Keeping pictures out, repeat the lines of the listing below exactly, starting at its first line and finishing with the one that holds "Přidání recenze k".

Data below
__________________________________________________

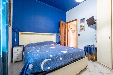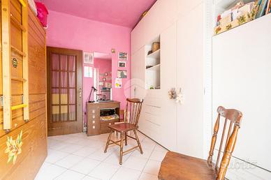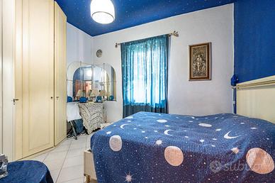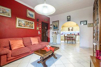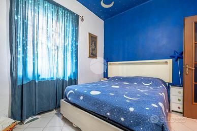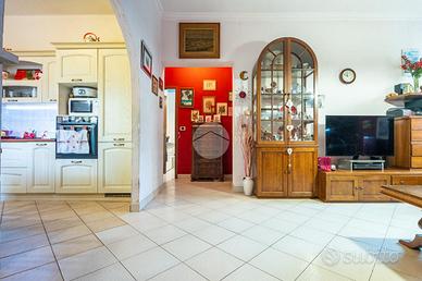 Al piano superiore il secondo appartamento, parizlamente ristrutturato, è composto da ingresso, soggiorno, cucina abitabile, due camere da letto, entrambe dotate di balcone, e bagno finestrato e servito di box doccia. Inoltre sono presenti le zanzariere, le inferriate, il condizionatore e un ampio sottotetto in stato grezzo.
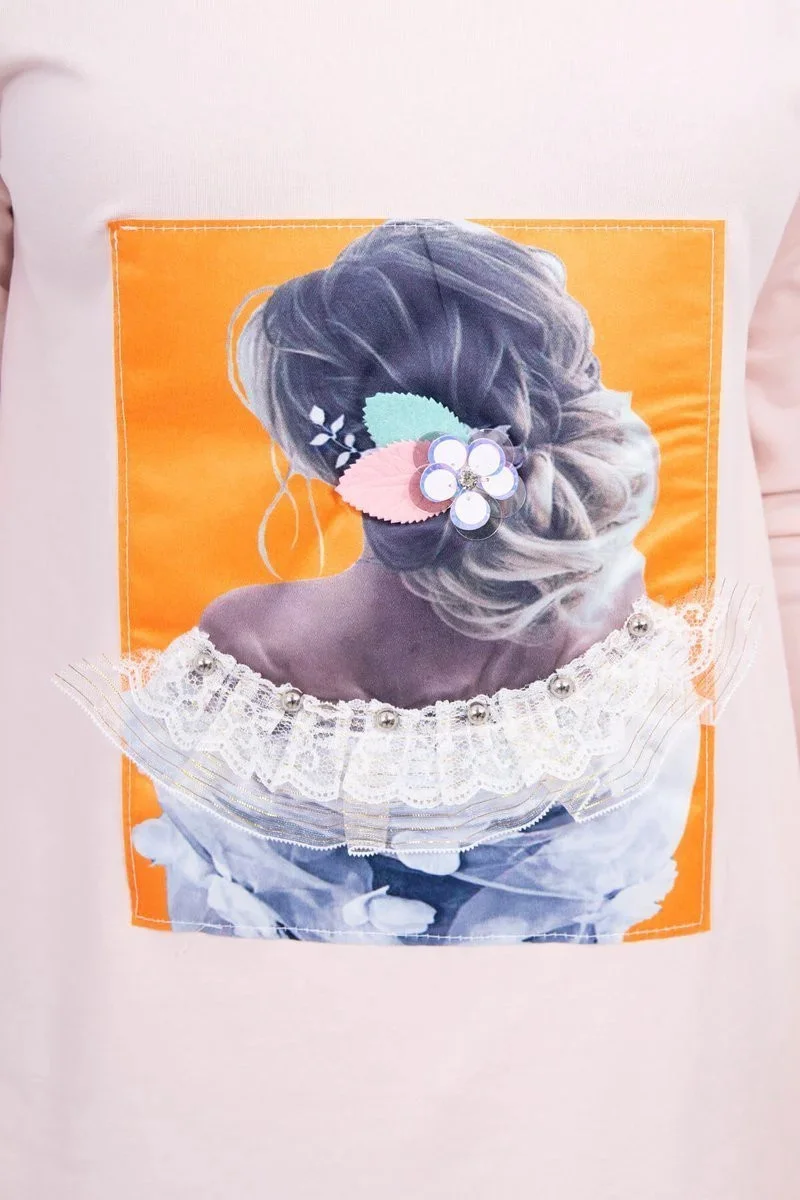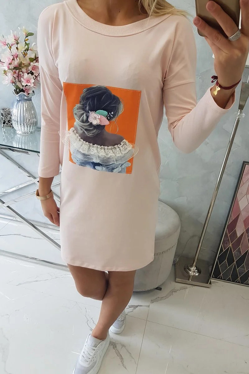 Přidání recenze k Šaty s 3D grafikou, krajková pudrově růžová
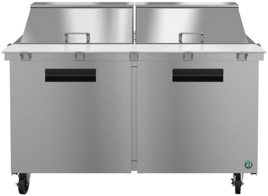The SR60B-24M is constructed of stainless steel, which protects this unit from accidental damage and rust. Plus, it is easy to clean. The SR60B-24M also includes (2) epoxy coated wire shelves adjustable in 1/2″ increments on anodized aluminum supports, (4) 6″ stem casters (2 with brakes) are standard, plus a field reversible, spring assisted self closing door with stay open feature (no kit req’d). Electrical consumption of 4.05 kWh/day at 4 Amps, 10 ft long cord with a 5 – 15P NEMA plug. 60″ x 10″ x 0.5″ thick white polyethylene cutting board is standard. The unit is ETL Safety (US & C) Listed, ETL Sanitation, Georgia Made Certified and includes a 7-7-7 Warranty (seven years labor, seven years parts, seven years compressor — visit hoshizakiamerica.com/support/warranty for eligibility information).
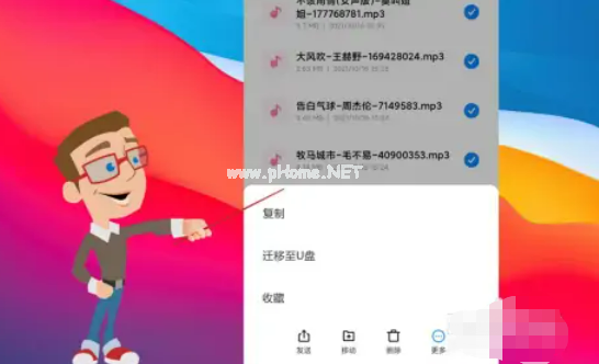 選擇遷移至U盤就可以,歌曲就會(huì)自動(dòng)復(fù)制到U盤上;

__________________________________________________

Finished exercise
 Al piano superiore il secondo appartamento, parizlamente ristrutturato, è composto da ingresso, soggiorno, cucina abitabile, due camere da letto, entrambe dotate di balcone, e bagno finestrato e servito di box doccia. Inoltre sono presenti le zanzariere, le inferriate, il condizionatore e un ampio sottotetto in stato grezzo.
 Přidání recenze k Šaty s 3D grafikou, krajková pudrově růžová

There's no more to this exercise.